RECORDED INFORMATION>
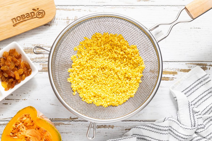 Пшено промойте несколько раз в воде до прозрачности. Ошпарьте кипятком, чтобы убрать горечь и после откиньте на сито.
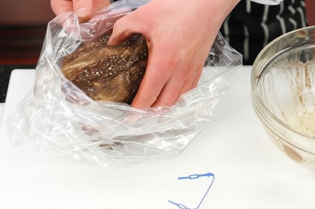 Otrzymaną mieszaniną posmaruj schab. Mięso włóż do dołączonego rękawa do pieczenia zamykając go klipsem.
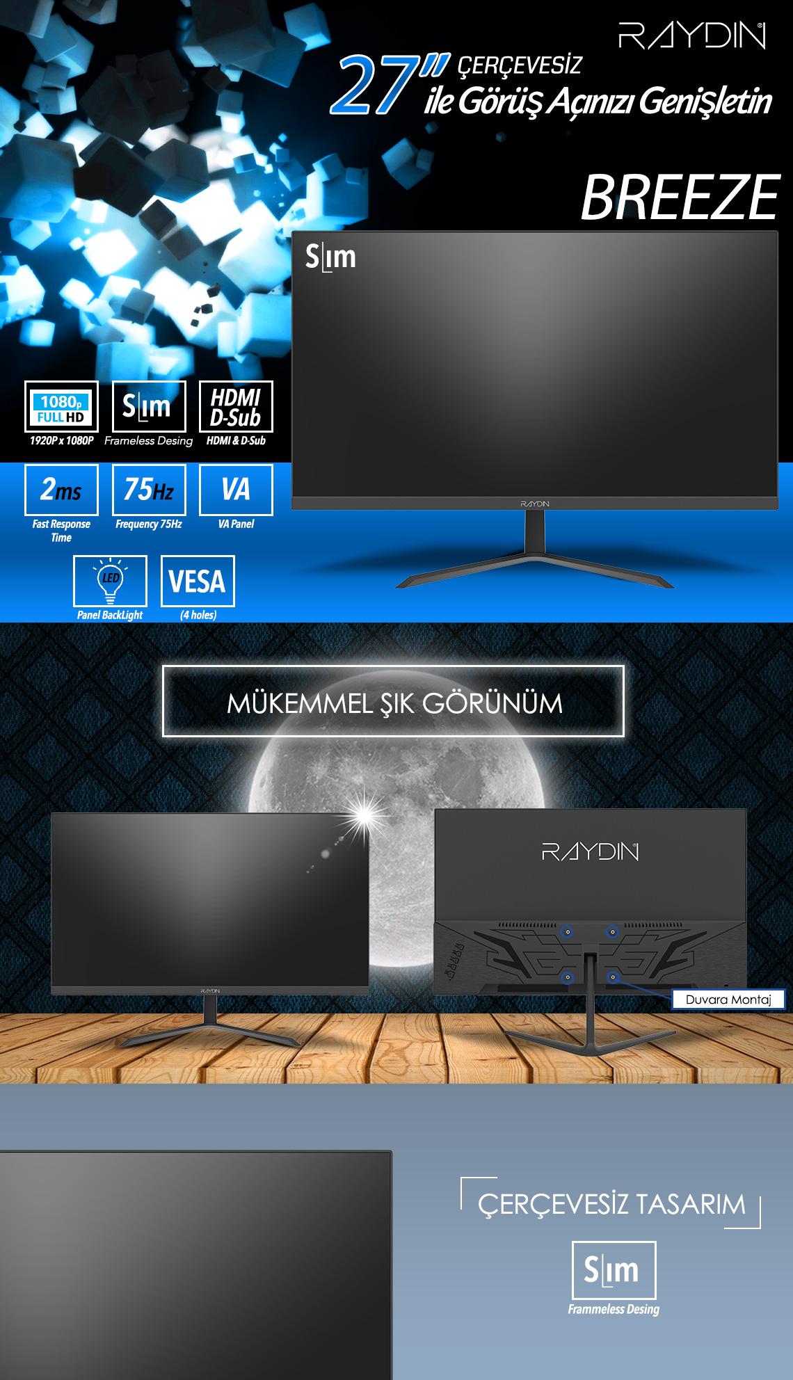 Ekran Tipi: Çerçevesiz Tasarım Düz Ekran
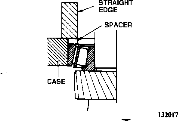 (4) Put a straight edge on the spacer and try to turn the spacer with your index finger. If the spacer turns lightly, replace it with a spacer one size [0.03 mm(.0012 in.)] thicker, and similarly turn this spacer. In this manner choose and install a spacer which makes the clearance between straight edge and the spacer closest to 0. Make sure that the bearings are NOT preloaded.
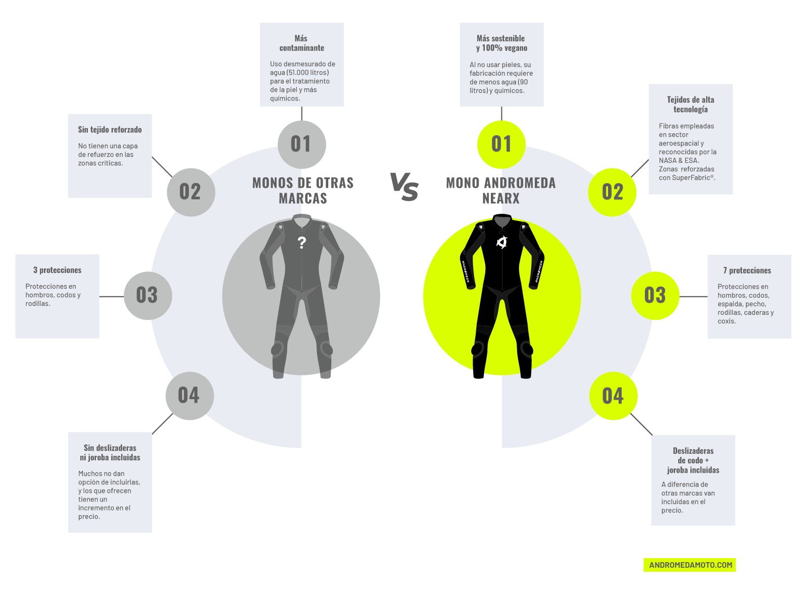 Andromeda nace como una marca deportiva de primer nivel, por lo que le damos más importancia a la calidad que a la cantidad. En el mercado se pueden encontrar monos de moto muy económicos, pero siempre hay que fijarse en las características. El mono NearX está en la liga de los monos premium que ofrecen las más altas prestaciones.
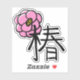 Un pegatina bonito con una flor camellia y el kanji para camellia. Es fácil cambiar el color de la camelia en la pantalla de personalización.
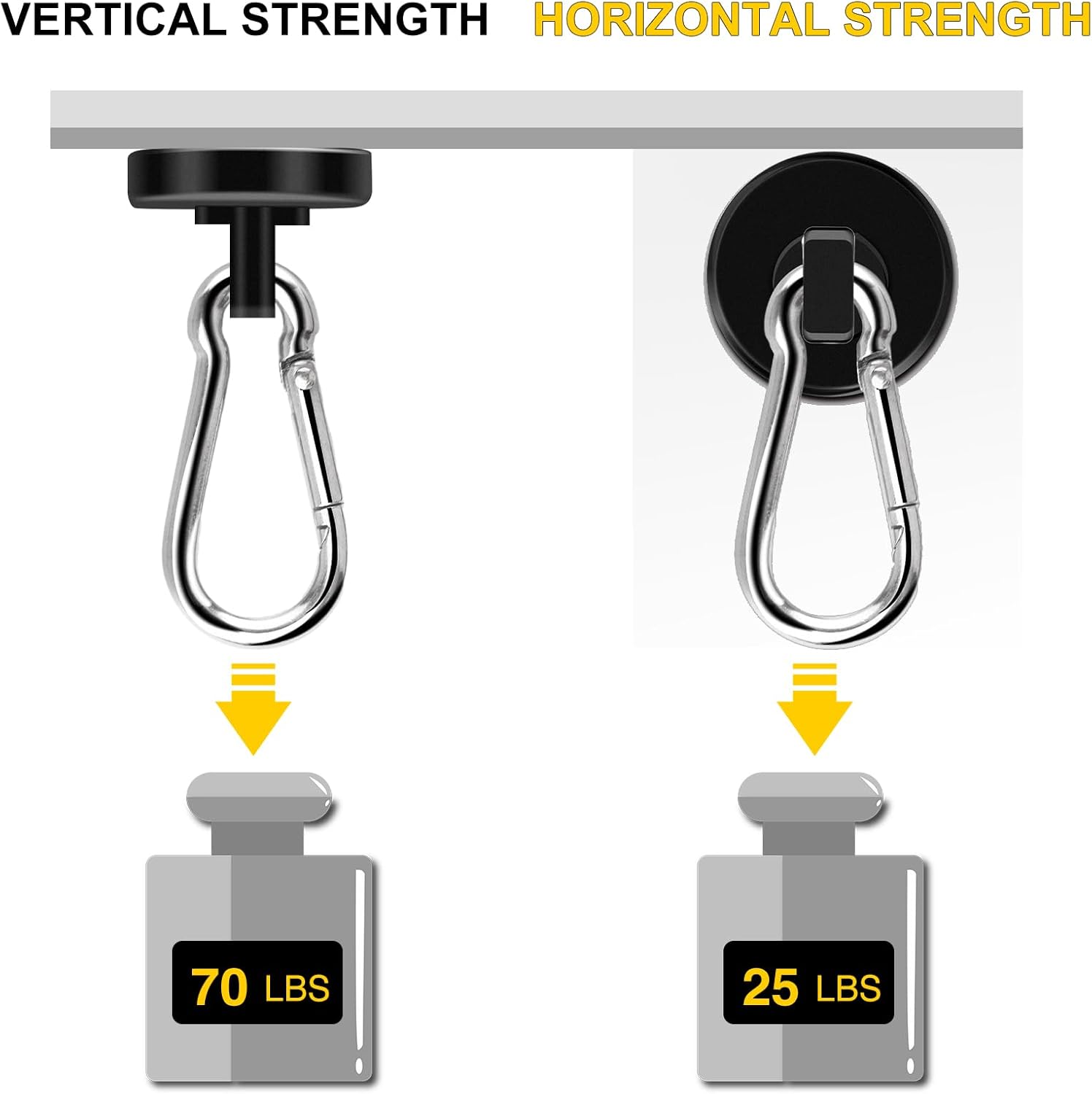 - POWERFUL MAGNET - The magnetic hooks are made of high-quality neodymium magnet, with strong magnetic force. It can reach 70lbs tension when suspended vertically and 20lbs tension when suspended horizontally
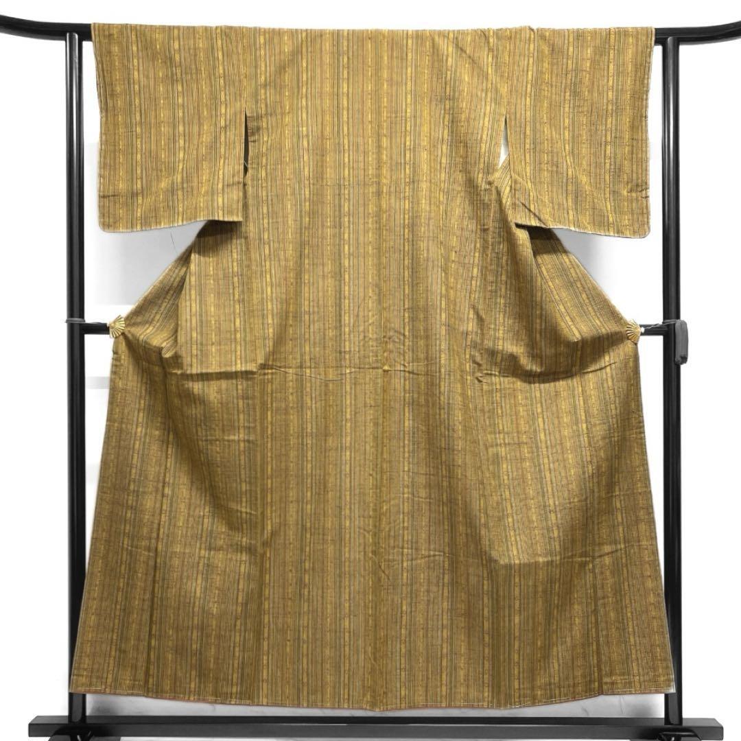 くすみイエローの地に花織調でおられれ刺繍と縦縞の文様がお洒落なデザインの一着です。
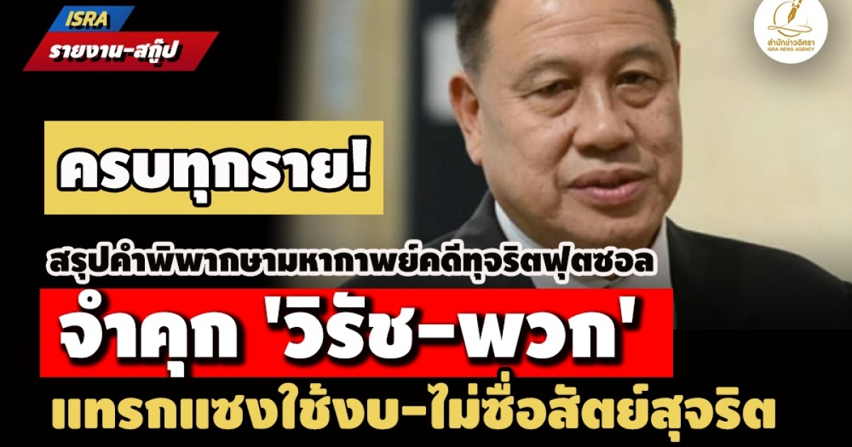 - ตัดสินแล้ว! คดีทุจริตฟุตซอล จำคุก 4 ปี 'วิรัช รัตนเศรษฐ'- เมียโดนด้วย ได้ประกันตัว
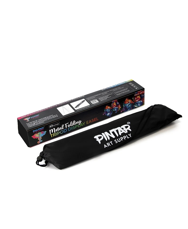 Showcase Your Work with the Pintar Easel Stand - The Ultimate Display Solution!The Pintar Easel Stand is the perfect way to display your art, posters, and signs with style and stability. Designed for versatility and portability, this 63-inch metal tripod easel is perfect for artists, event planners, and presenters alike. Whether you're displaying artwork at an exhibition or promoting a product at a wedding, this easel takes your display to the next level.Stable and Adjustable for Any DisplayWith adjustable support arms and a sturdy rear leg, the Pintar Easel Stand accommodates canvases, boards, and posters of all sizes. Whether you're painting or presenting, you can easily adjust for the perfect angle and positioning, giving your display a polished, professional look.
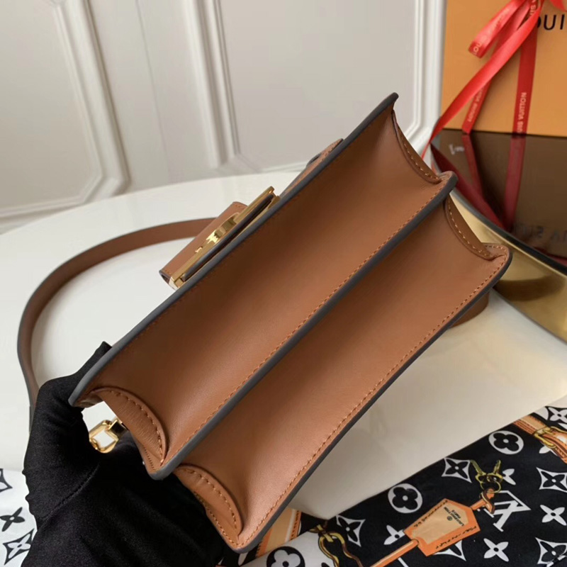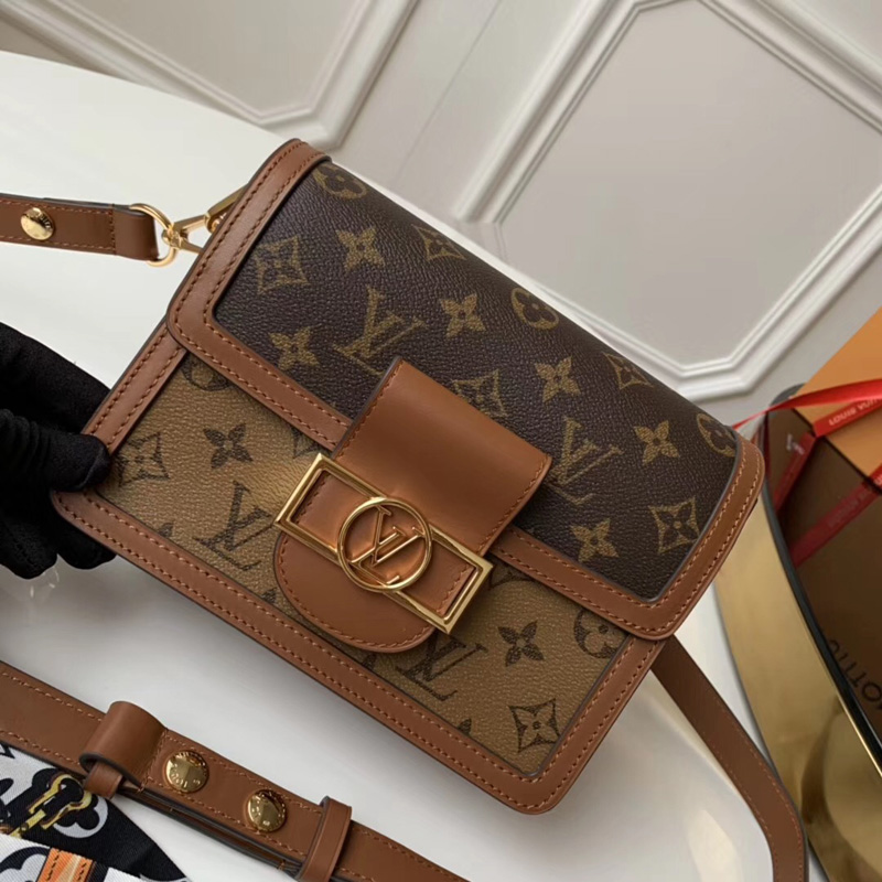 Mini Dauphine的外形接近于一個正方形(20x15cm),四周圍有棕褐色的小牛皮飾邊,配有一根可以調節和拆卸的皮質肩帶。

WHAT IS REQUIRED>
Restate word for word every line from the top of the entries above to the line with "Ekran Tipi: Çerçevesiz Tasarım Düz Ekran", inclusive, and skip any pictures.

WRITTEN SOLUTION>
 Пшено промойте несколько раз в воде до прозрачности. Ошпарьте кипятком, чтобы убрать горечь и после откиньте на сито.
 Otrzymaną mieszaniną posmaruj schab. Mięso włóż do dołączonego rękawa do pieczenia zamykając go klipsem.
 Ekran Tipi: Çerçevesiz Tasarım Düz Ekran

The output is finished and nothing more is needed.